"Post-poned elective surgery"

About: Northern General Hospital / Vascular surgery

(as the patient),

From initial referral to secondary care in October 2010 for excessive menstrual blood loss due to uterine fibroids and elimination of malignancy following biopsy at the end of November 2010, I was referred to vascular radiology for consideration for uterine embolization.

I was seen mid-February 2011 subsequent to an MRI in mid February. At the mid-February appointment in which probity for the procedure was agreed, consent signed, blood tests and MRSA test taken, I was told I would have the procedures in 6 weeks time, i.e. the end of March 2011. I received a letter mid-march 2011 to say the procedure would be done at the end of April.

I phoned the hospital to check whether there had been a typing error; there had not. The same letter stated that I had to 'ensure' that I had the hormonal IUD (mirena coil) removed prior to the procedure. This I duly did at the very end of March 2011. What ensued was the worse bleeding I have ever had on three separate dates in the subsequent 10 days – to such an extent that I had to rush home having bled through, sanitary protection (double), clothing, onto my car seat and two other occasions where I could not leave the house.

I phoned the GP and could not get an appointment unless I sat in the surgery. My bleeding meant I could not ‘sit’ anywhere at that point in time.

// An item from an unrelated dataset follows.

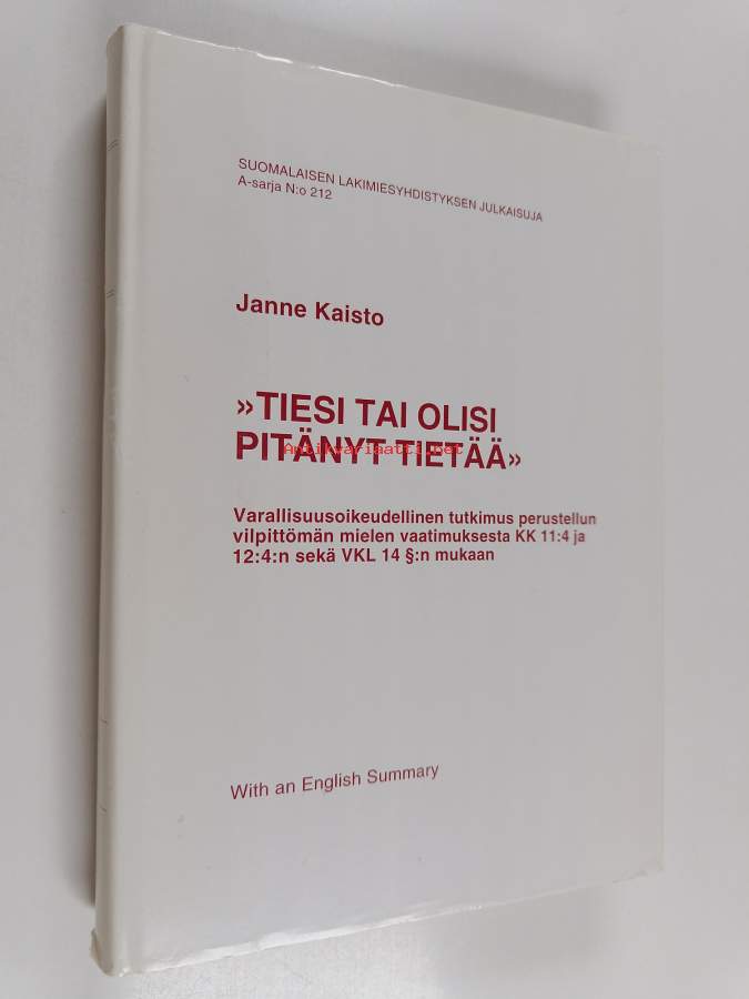 "Tiesi tai olisi pitänyt tietää" : varallisuusoikeudellinen tutkimus perustellun vilpittömän mielen vaatimuksesta KK 11:4 ja 12:4:n sekä VKL 14 :n mukaan

In mid April I received a phone call to inform me the procedure was postponed until the end of May due to an outbreak of Norovirus. Due to how poorly I had become and fearful of a sudden loss of blood as seemed to happen unbidden since the coil removal, I asked was there any way I could be treated prior to that as I was becoming so ill and had someone coming to stay with me who had booked a flight and time off to stay with me subsequent to the scheduled procedure. I was told there was not.

I asked could I try and organise treatment privately and was asked whether I had health insurance; I did/do not and therefore was told that it was highly unlikely.

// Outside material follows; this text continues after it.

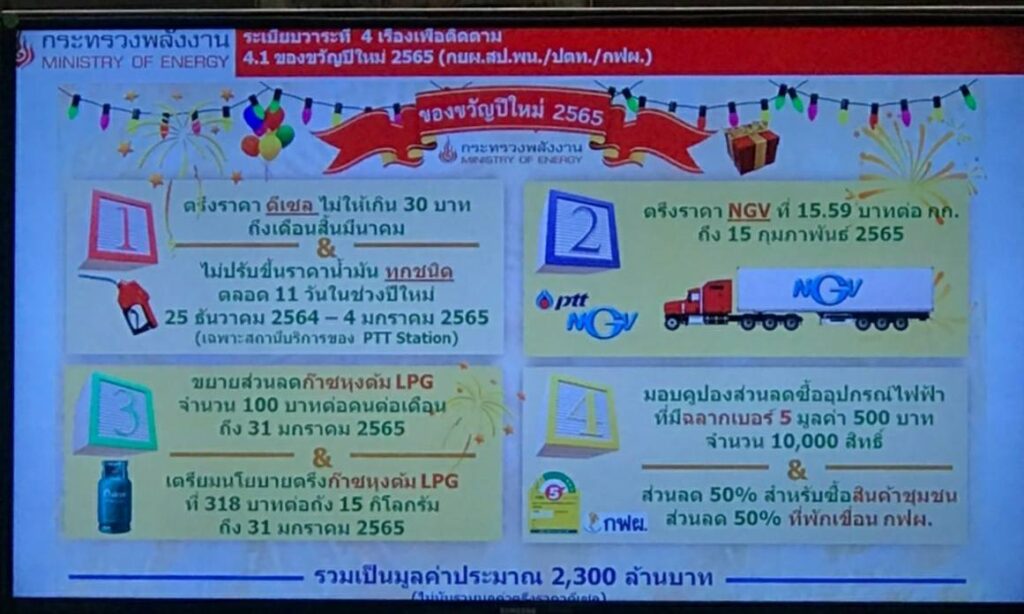 นายสุพัฒนพงษ์ พันธ์มีเชาว์ รองนายกรัฐมนตรีและรัฐมนตรีว่าการกระทรวงการคม เปิดเผยว่า กระทรวงพลังงาน และหน่วยงานในการกำกับดูแลได้มอบของขวัญปีใหม่ให้แก่ประชาชนทุกคนใช้ช่วงเทศกาลปีใหม่ ด้วยการตรึงราคาน้ำมันทุกชนิดตลอด 11 วัน ระหว่างวันที่ 25 ธันวาคม 2564-วันที่ 4 มกราคม 2565 (เฉพาะสถานีบริการของ PTT Station) ตรึงราคาน้ำมันดีเซลไม่เกิน 30 บาทต่อลิตรถึงสิ้นเดือนมีนาคม 2565 ขยายส่วนลด LPG จำนวน 100 บาทต่อคนต่อเดือนจนถึง 31 มกราคม 2565 ควบคู่ไปกับการตรึงราคา LPG อยู่ที่ 318 บาท/ถัง 15 กิโลกรัม จนถึง 31 มกราคม 2565 ตรึงราคา NGV อยู่ที่ 15.59 บาท/กก. จนถึง 15 กุมภาพันธ์ 2565 ขณะเดียวกัน ยังแจกคูปองส่วนลดอุปกรณ์ไฟฟ้าเบอร์ 5 มูลค่า 500 บาท จำนวน 10,000 สิทธิ์ และส่วนลด 50% สำหรับเลือกซื้อสินค้าชุมชน และที่พักบนเขื่อนของการไฟฟ้าฝ่ายผลิตแห่งประเทศไทย

I was referred to the secretary of the vascular radiology team who told me that she would have to take me off the list if I ‘wanted’ to go privately. I tried to explain that I did not ‘want’ to go privately as I did not have any money to pay for private treatment but could sell my car and borrow money to pay for the procedure as I simply could not wait any longer. I asked the secretary to keep my appointment.

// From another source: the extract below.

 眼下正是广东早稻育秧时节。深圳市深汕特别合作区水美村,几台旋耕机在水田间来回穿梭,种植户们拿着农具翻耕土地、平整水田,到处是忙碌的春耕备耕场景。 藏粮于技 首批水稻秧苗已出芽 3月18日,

Subsequent to this, I had to further haemorrhagic bleeds and spoke to a GP at my surgery who said my dose of anti-haemorrhage medication was very low (I was not aware it was low – it was my prescription – 500mg tranexamic acid + 500 mg of mefenamic acid) and I could double the dose. She also said, I should have the coil put in again. I explained to her that the coil was very difficult to insert the first time due to the size and position of my most problematic fibroid which obstructs the cervix. Since the coil had been put in in June 2010, that same fibroid had increased in size by at least 2 cm and the possibility of reinsertion was not very likely (given that removal was very difficult – it is normally extremely easy) due to the obstruction of the cervix. I also did not want to go through what I had just been through with the post-coil removal blood loss again as I am now aware that it is very uncertain whether the appointment due at the end of May would go ahead as it is ‘elective’.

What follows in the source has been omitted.